Understanding False Beliefs as a Stimulus for Creative Thinking

Authors

Johannes Brandl

Affiliation: University of Salzburg

Category: Philosophy

Keywords: creativity, false belief task, pretend play, divergent thinking, cognitive development

Schedule & Location

Date: Wednesday 3rd of September

Time: 15:30

Location: Room 232 (232)

View the full session: Creativity

Abstract

Research on children's cognitive development has identified several factors that may have a positive or negative impact on their creativity (see Russ & Fiorelli 2010; Beloyianni et. al. 2024). In this talk, I will reflect on these findings by focusing on two promising lines of research: On the one hand, studies of pretend play provide insights into creative imagination (see Carruthers 2002, Chylińska and Gut 2020). On the other hand, an increase in divergent thinking has been linked to success in explicit false belief tasks (Suddendorf & Fletcher-Flinn 1997, 1999; Bijvoet van den Gerg & Hoicka 2014).

Given the age difference between early pretend play at around 2 years of age and success in explicit false belief tasks at around 4 years of age, a plausible hypothesis is that false belief understanding provides a kind of boost to creative thinking. But how exactly should we understand this hypothesis? How might false belief understanding enhance our creative powers?

To explore this question, I will draw on the "minimal theory of creative ability" (MTCA) proposed by Stevenson et al. 2021. In their view, an increase in creativity could be explained as an increase in intelligence or an increase in expertise (or both). I will first outline these two possible ways of fleshing out the hypothesis that false belief understanding enhances creative thinking, and then consider how to decide between these two options.

  1. A Minimal Theory of Creativity

Stevenson et al. propose their theory with the goal of measuring individual differences in creative ability at all levels. By considering an ability to be creative if its results are original and useful in some way, they hope to measure the creativity needed to solve a soduko (mini-c creativity) as well as to make great leaps in art or science (big-c creativity). What makes their theory minimal is the idea that at no point do we need to appeal to a "special creative talent or ability, nor is there a specialized (brain) area for being creative" (Stevenson et. al., p. 4). Only two things are needed: intelligence and expertise.

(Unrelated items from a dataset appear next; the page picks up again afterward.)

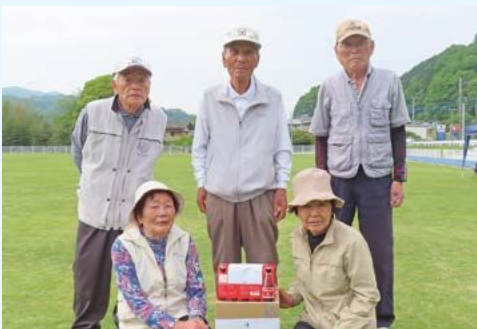
瑞龍白鷺会の皆さん
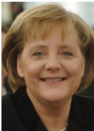
Förbundskansler Angela Merkel

Medan Merkel vill inte ha ett särskilt eurosekretariat. Det är bättre att alla de 27 i EU är med och tar besluten, tycker Merkel. Hon får stöd av EU-presidenten
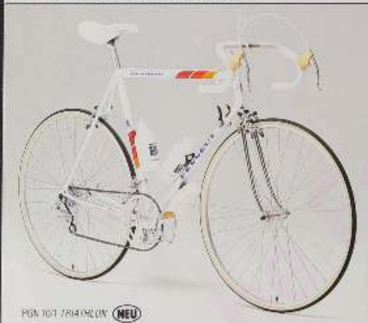
PGN 10-T TRIATHLON NEU
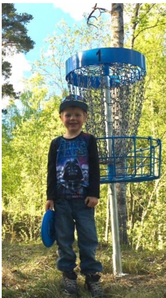
Bild på en ung discgolfare

Vika IF har tillsammans med många ideella krafter och åtskilliga timmar byggt upp en 18-håls discgolfbana. Banan följer naturlig och kuperad terräng längs med det ca 2,5 km långa elljusspåret. Den har blivit väldigt populär och nyttjas av gammal som ung. Kastning pågår året runt med många besökare från Åsbobanans vänner i Falun och Fb-gruppen i Vika som heter Vika Discgolfers.
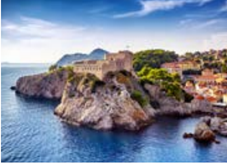
Festung Lovrijenac in Dubrovnik
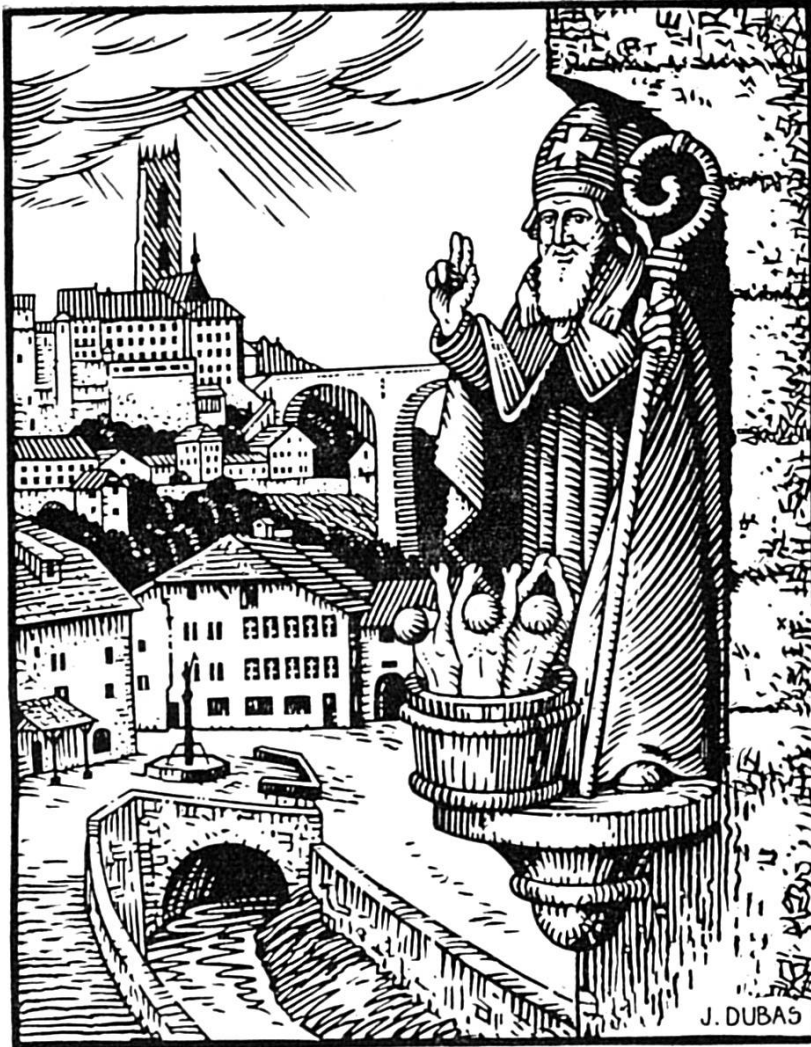
Reichlen Eugen: Der Samichlaus als Schutzpatron vo Fryburg mit de 3 arme Schüeler, won er wider uferweckt het.

verhulfe, wo Hunger und Not scho ibroche gsi si. Drum het er d'Matrosen usem Sturm grettet, wo si ihn um Hilf agrüeft hei. — Aber won er zu däm alte Metzger, zum Mönscheschlächter und syr Frau cho isch, wo het drü armi Chind gmetzget und igsalze gha, het der Samichlaus fasch nümme Geduld chönne ha. Er, wo in allne Christeverfolgunge standhaft und rüejig bliben isch, hätti dä alt Mönschefrässer am liebschte verfluecht und i di ewigi Marter gschickt. Aber au denn het er no d'Stimm vom liebe Gott und vom Heiland ghört. Er het die drü arme Schüeler wider zum Läben uferweckt und em grusige, alte Mönschefrässer und Sünder der Wäg zeigt zur Reui, zur Bueß und zum neue Läbe.
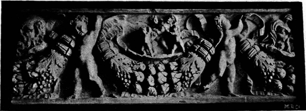
Antike Friesverzierung im Museum zu Neapel.
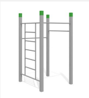
SWC.4552 Streetworkout 552 - Modèle
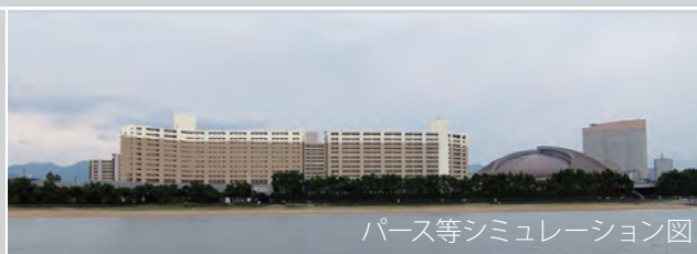
パース等シミュレーション図
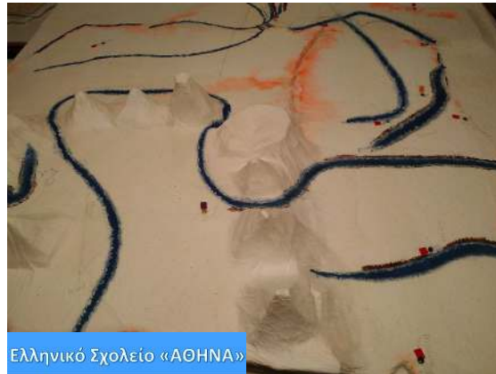
Ελληνικό Σχολείο «ΑΘΗΝΑ»
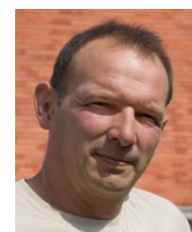
Vincent – Lot - Calcaire

Regarding intelligence, they emphasize that a whole range of cognitive abilities may be relevant. These include associative and analogical reasoning, visual and spatial abilities, and metacognitive skills. With respect to expertise, they emphasize its domain specificity. Creativity may require expertise in using language, in playing competitive games, or in making scientific observations.

  1. Divergent Thinking and its Developmental Correlates

A widely used measure of creativity that is easy to administer to young children targets the ability to think divergently. For example, in the Unusual Box Test, children are asked to play with a box that has different features (e.g., holes, ledges, strings, etc.) and a number of objects that are unfamiliar to the child. The child's behavior is then measured with a fluency score and an originality score. Interestingly, studies with 3-4 year old children have shown a positive correlation between high scores on the Unusual Box Test and high scores on tests related to pretend play. (see Bijvoet-van den Berg & Hoicka 2014).

Divergent thinking has also been tested by asking children to name or show ways in which they could play with different objects (e.g., a newspaper, a cup, a towel.) Using this paradigm, Suddendorf et al. were able to show in a longitudinal study that performance on the false belief task was significantly correlated with the ability to search one's own mind for answers in a divergent thinking task. (see Suddendorf and Fletcher-Flinn 1999).

  1. The Boosting Effect

From these data, we can conclude that understanding false beliefs has an enhancing effect on children's creative abilities. The question now is what might explain this effect.

Suddendorf and Fletcher-Flinn suggest that a common factor responsible for success in the false belief task and the increase in divergent thinking is a cognitive advance, namely the acquisition of a meta-representational ability. This ability allows children not only to attribute to others a belief that conflicts with their own, but also to scan their own knowledge base beyond areas of immediately activated mental content. Following this explanation, we might conclude that understanding false beliefs marks a major change in our intelligence, and that this change provides a boost to our creativity. Let us call this the intelligence-boost hypothesis.

Alternatively, we can think of pretend play as a domain in which children acquire a specific form of expertise. This includes the expertise to act out scenarios that are likely to induce false beliefs in others. For example, when children pretend to be asleep as realistically as possible, they acquire expertise that they can use to deceive others. Following this line of thought, we might conclude that understanding false beliefs has only an indirect effect on our creativity. It promotes realistic deception, and it is this domain-specific expertise that might then explain an increase in creative thinking. Let us call this the expertise-boost hypothesis.

These two hypotheses are not contradictory. However, there is a question that needs to be addressed when trying to combine them: Can we expect an intelligence boost to occur independently of an expertise boost? Since this seems unlikely, the question arises whether faking is only one domain of expertise that promotes creativity, or whether expertise in other domains may also serve this purpose.